■ **Goal of the exercise**
Copy nothing but the lines below, from the one with "Casa Filitis-Golescu, str." through the one with "บุฟเฟ่ต์ชาบู ชาบู", exactly as written; no pictures should appear.

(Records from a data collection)
--- START ---

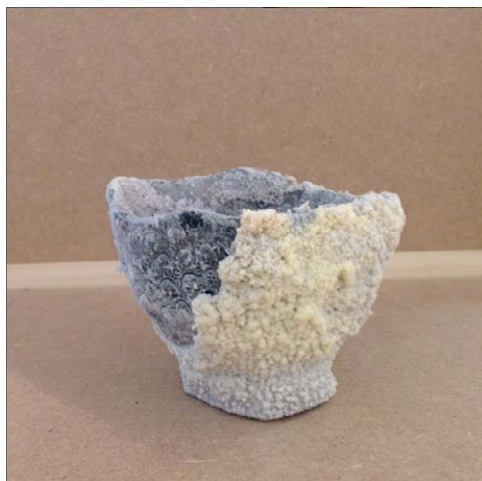
LAURA O'RORKE série Telomeris - 2015
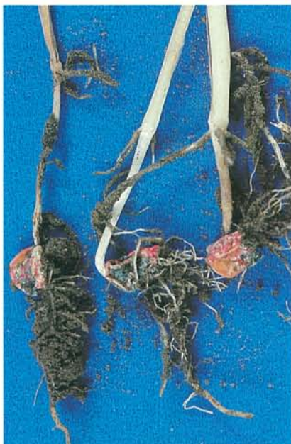
12.22 Dépérissement précoce; à noter l'hypocotyle et les caryopses colonisés par le Penicillium . p. 181
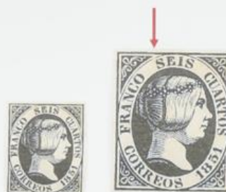
Rotura del óvalo sobre SEIS.
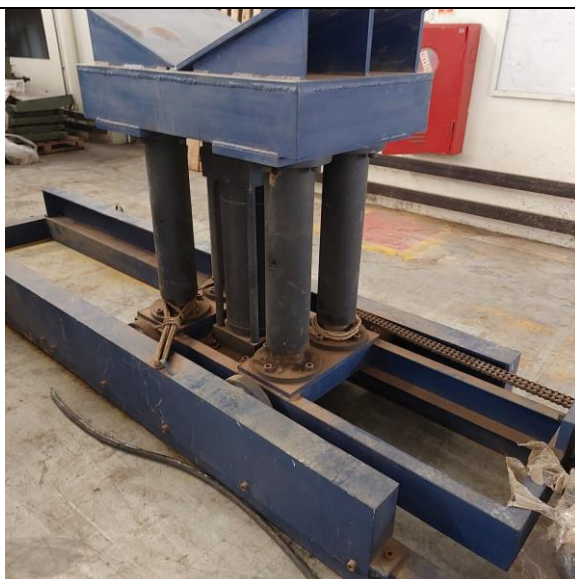
MÁQUINA: SUPORTE DE BOBINA – OBS.: FALTANDO PARTE ELÉTRICA E ALINHAMENTO.
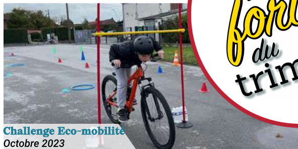
Challenge Eco-mobilité Octobre 2023
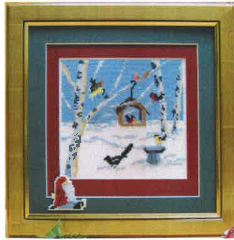
40313 (D) ca. 25 x 25 cm
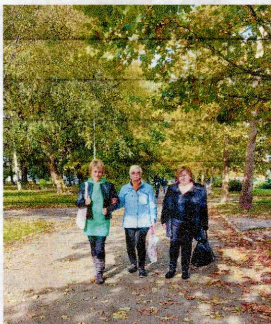
Obr. 1-2 Domáca opatrovateľská služba
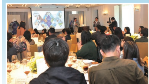
▲浪漫歐洲的瑰寶推廣會邀請業者及高階主管參與交流

名全球的施華洛世奇水晶總部也坐落於此，施華洛世奇水晶世界展示最精緻、齊全的玻璃工藝切割美學，夢幻的水晶世界是所有愛好者必訪勝地。
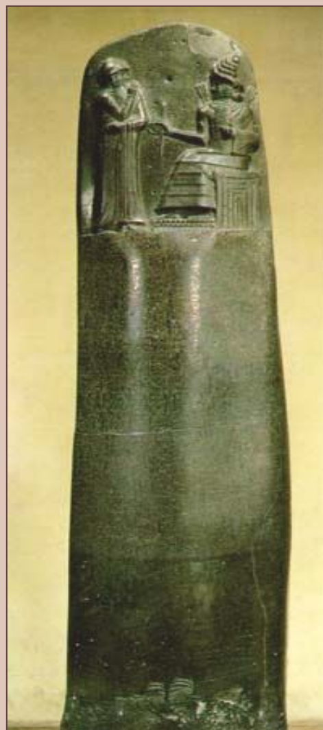
Столб с текстом законов царя Хаммурапи.
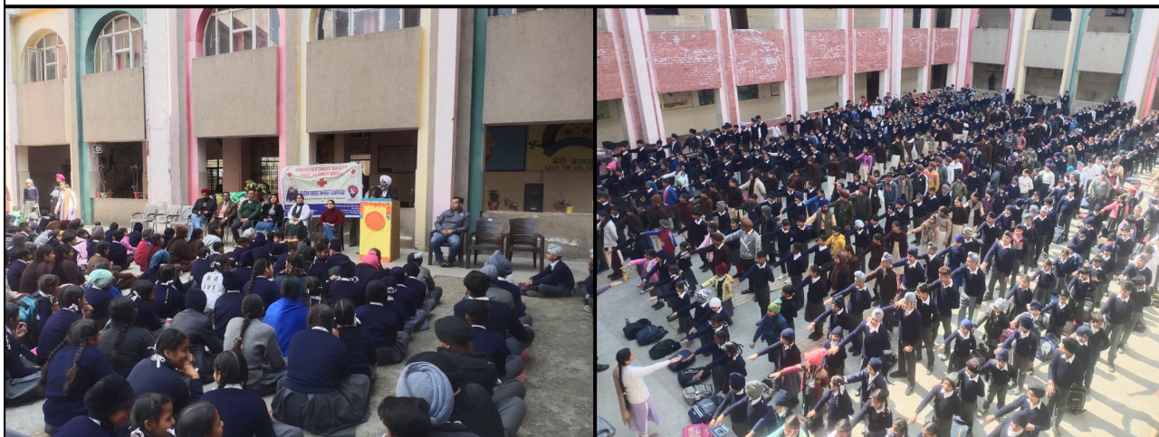
An awareness seminar against drug addiction was organised by Indian Red Cross Society, Punjab State Drug De-addiction Centre Gurdaspur( Punjab) at Government Adarsh Sr Sec school, Kot Dhandal, GURDASPUR
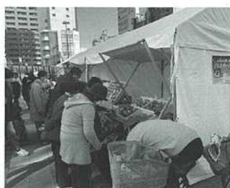
【南口えきひろマルシェ】
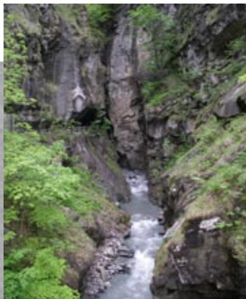
Spaziergang zur Quelle
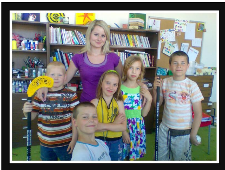
Dobrovolnice pracující s dětmi na MmP.

Rok 2011 byl Evropským rokem dobrovolnictví, jehož hlavním poselstvím bylo podpořit rozvoj dobrovolnických aktivit, zvýšit povědomí o významu a hodnotě dobrovolnictví s cílem vedoucím k aktivnímu občanství.
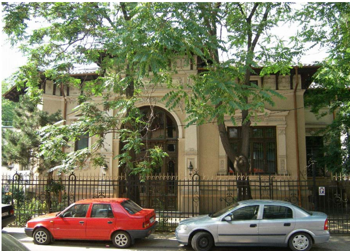
Casa Filitis-Golescu, str. M. Eminescu nr. 27, sector 1, București (iulie 2008)

Imobilele din București situate pe str. M. Eminescu nr. 27 (casa Filitis-Golescu) și Calea Dorobanți nr. 16 (casa Dinu Brătianu) constituie un astfel de caz. Filiala București a Ordinului Arhitecților și Comisia Zonală a Monumentelor Istorice București au solicitat clasarea lor de urgență dar, în lipsa fotografiilor de interior și a expertizei tehnice, procedura legală nu mai poate fi îndeplinită.
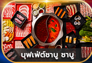
บุฟเฟ่ต์ชาบู ชาบู
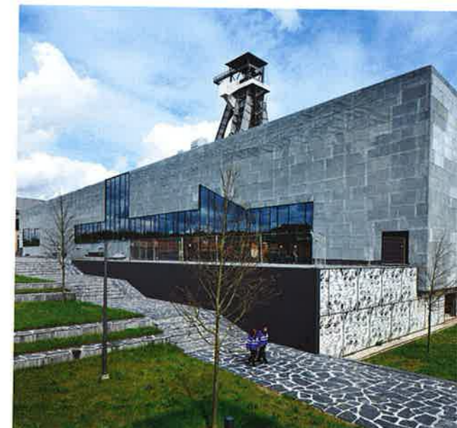
De nieuwbouw van de faculteit Media, Arts and Design van de Katholieke Hogeschool Limburg.
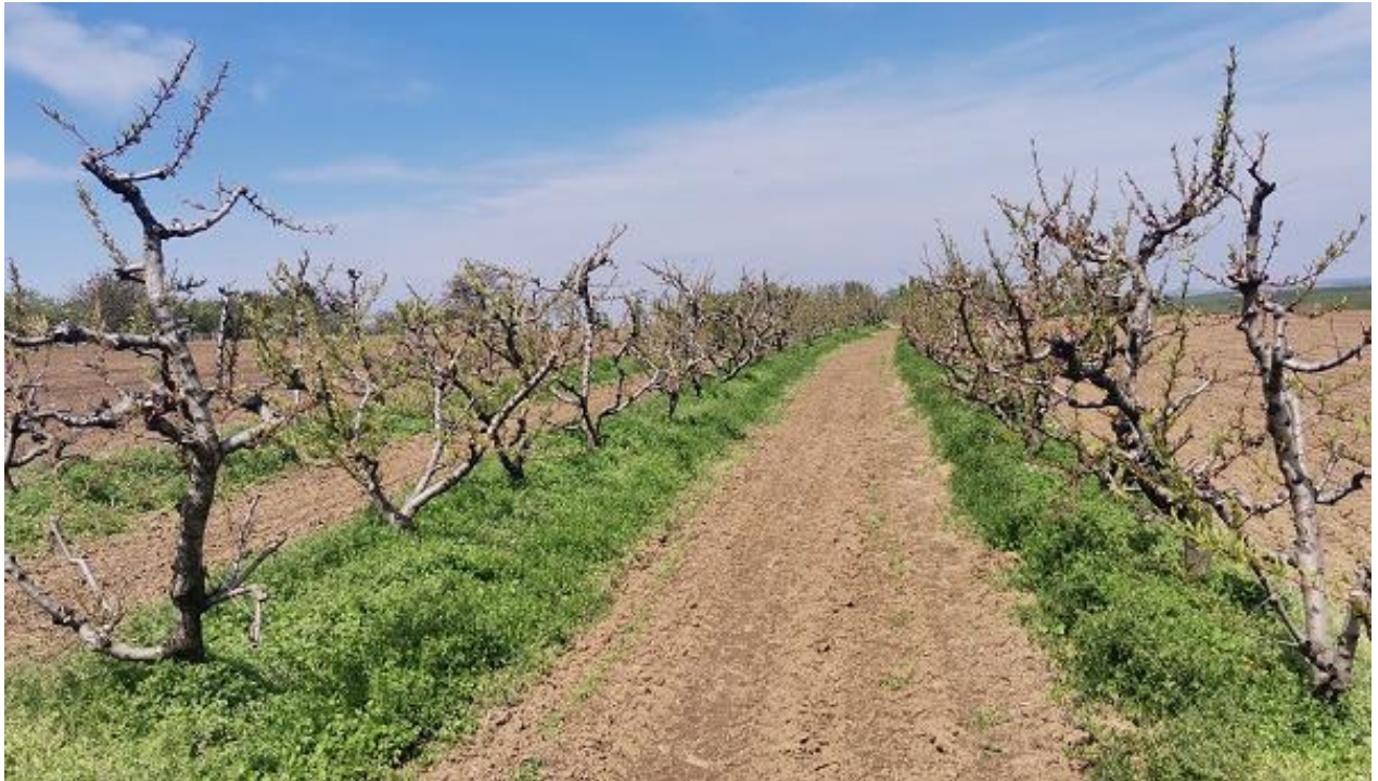
SLIKA 1. ZASAD BRESKVE

--- END ---

■ **Task response**
Casa Filitis-Golescu, str. M. Eminescu nr. 27, sector 1, București (iulie 2008)

Imobilele din București situate pe str. M. Eminescu nr. 27 (casa Filitis-Golescu) și Calea Dorobanți nr. 16 (casa Dinu Brătianu) constituie un astfel de caz. Filiala București a Ordinului Arhitecților și Comisia Zonală a Monumentelor Istorice București au solicitat clasarea lor de urgență dar, în lipsa fotografiilor de interior și a expertizei tehnice, procedura legală nu mai poate fi îndeplinită.
บุฟเฟ่ต์ชาบู ชาบู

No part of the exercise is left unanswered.